Exercise aim
Produce a verbatim copy of the records, and keep the images out of it.

Listed entries

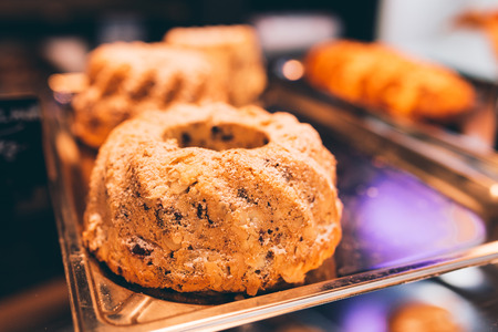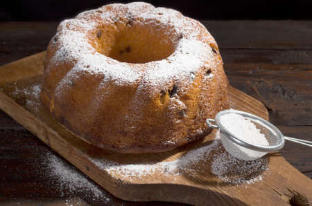 Homemade sponge cake with raisins dusted on a tray in bakery.
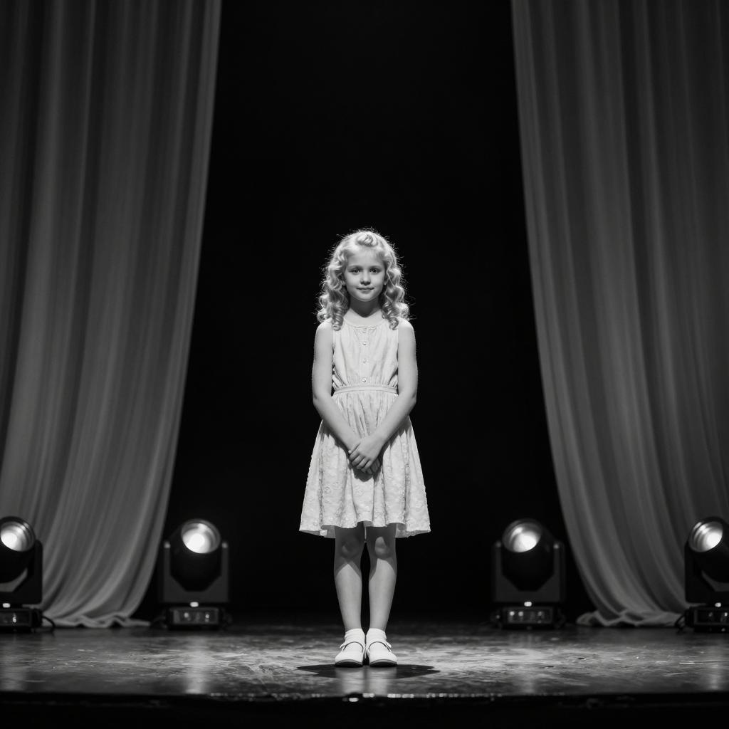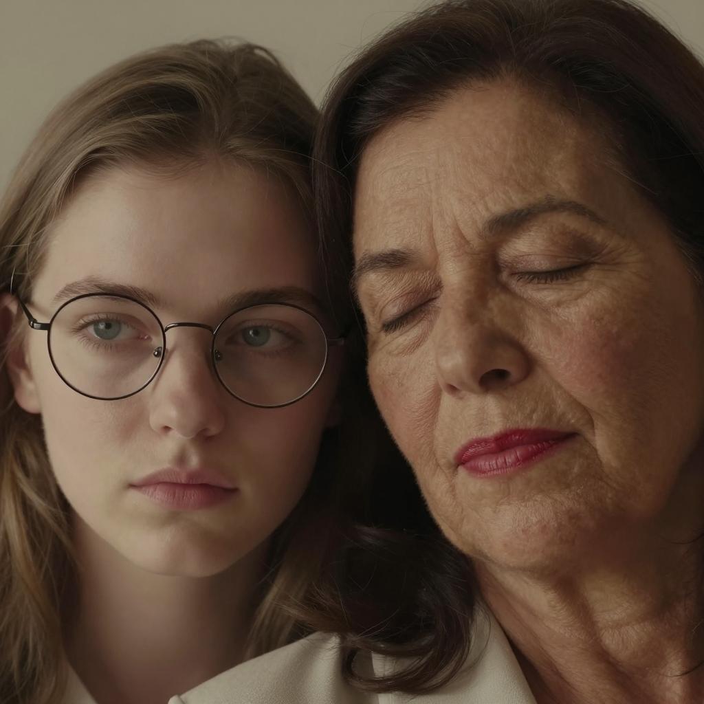 Photograph of a young girl with light brown hair in a ponytail, kissing a bandaged hand against a ured wall. Her eyes are closed, and the bandage has a simple drawing. Dim lighting, shadowed background.
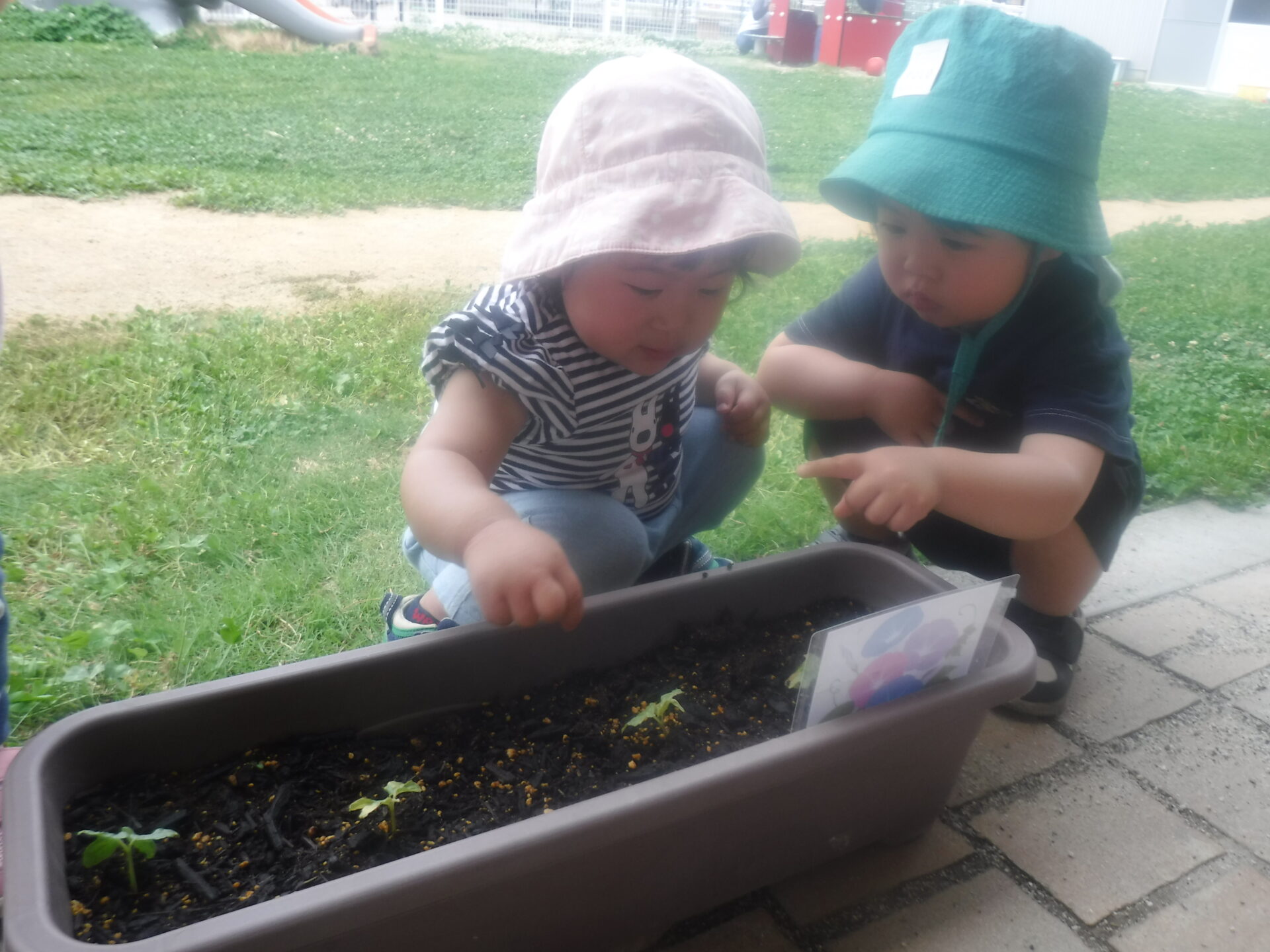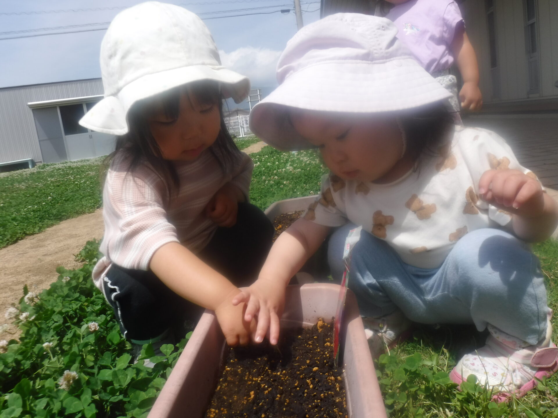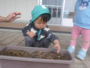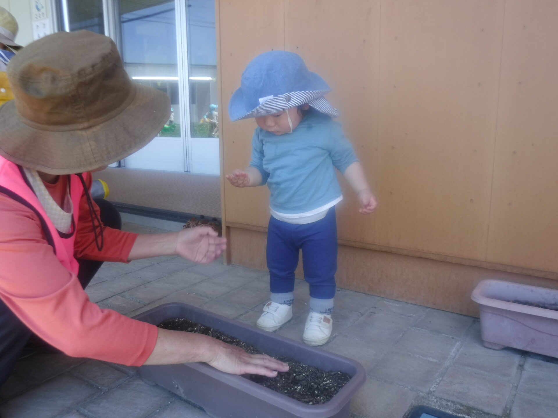 2歳児の真似をしていた遊びの姿から、あさがおの種を用意して渡すと、早速プランターに落としてみたり、土をかぶせてみたりして楽しむ姿がみられました。
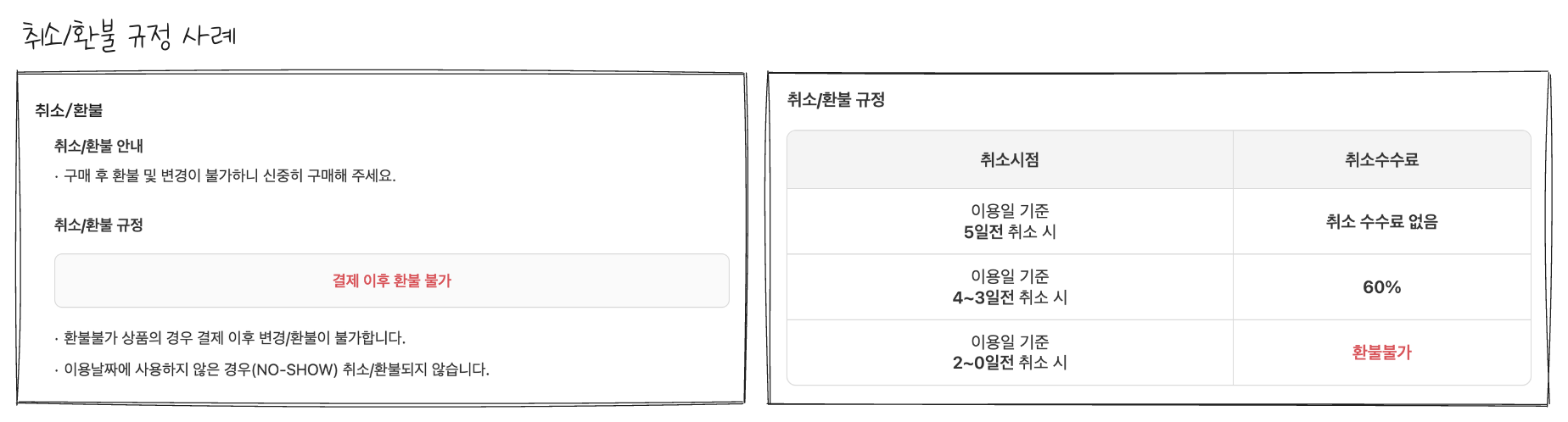 - 실시간 예약이 완료되는 시점부터 취소 위약금이 부과될 수 있다.
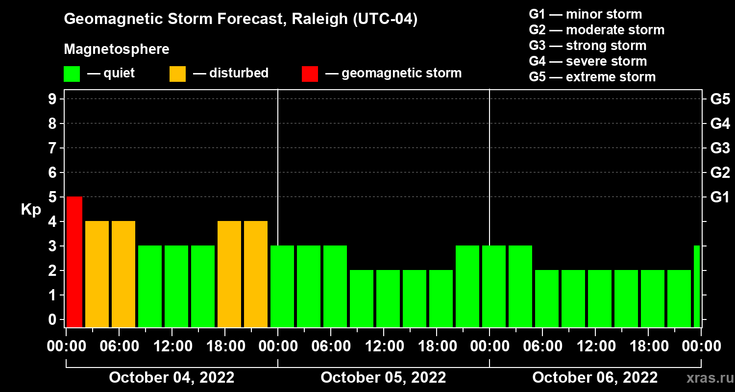 Geomagnetic storm forecast in Raleigh for Oct 04, 2022

Response to this exercise
 Homemade sponge cake with raisins dusted on a tray in bakery.
 Photograph of a young girl with light brown hair in a ponytail, kissing a bandaged hand against a ured wall. Her eyes are closed, and the bandage has a simple drawing. Dim lighting, shadowed background.
 2歳児の真似をしていた遊びの姿から、あさがおの種を用意して渡すと、早速プランターに落としてみたり、土をかぶせてみたりして楽しむ姿がみられました。
 - 실시간 예약이 완료되는 시점부터 취소 위약금이 부과될 수 있다.
 Geomagnetic storm forecast in Raleigh for Oct 04, 2022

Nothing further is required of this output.